Both brokerages take a sunny view of Shanghai’s ability to shake off the challenges of the past year. “Ahead, given the relaxation of COVID-19 control measures, the general economy is expected to recover during 2023, and Shanghai is expected to see further new office supply and a more active market in the coming year,” wrote Cushman & Wakefield.
JLL predicts that the Shanghai office market will likely recover in 2023, with momentum picking up after the second quarter.

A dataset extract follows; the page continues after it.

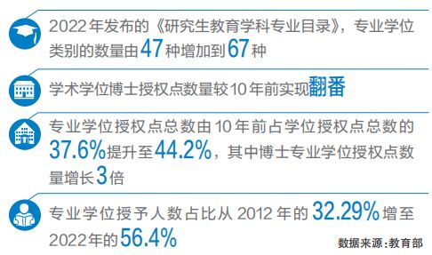 學科專業設置體現了學術學位與專業學位的“并重”。2022年,教育部發布的《研究生教育學科專業目錄》,進一步豐富了專業學位類別,專業學位類別的數量由原來的47種增加到67種,更充分、更精準地對接經濟社會需求,支撐行業產業高質量發展。

Looser fiscal and monetary policy and other official inducements, including the 16-point real estate rescue package unveiled late last year, should spur financial industry growth and grade A office demand from traditional business sectors.
Daily life and business are also expected to normalize after the ongoing COVID wave subsides, “setting the stage for a recovery in confidence and market performance later in the year,” said Anny Zhang, managing director for JLL East China and head of office leasing advisory for JLL China, in a statement.
“The investment market is being bolstered by a range of policies such as the recent resumption of financing for listed real estate companies, as well as private equity being allowed to establish private real estate investment funds,” commented Ling Sun, head of capital markets for JLL East China in the same release.
Sun added that the ending of COVID restrictions combined with the cooling of asset prices over the last few years could boost investor sentiment and activity in Shanghai in 2023.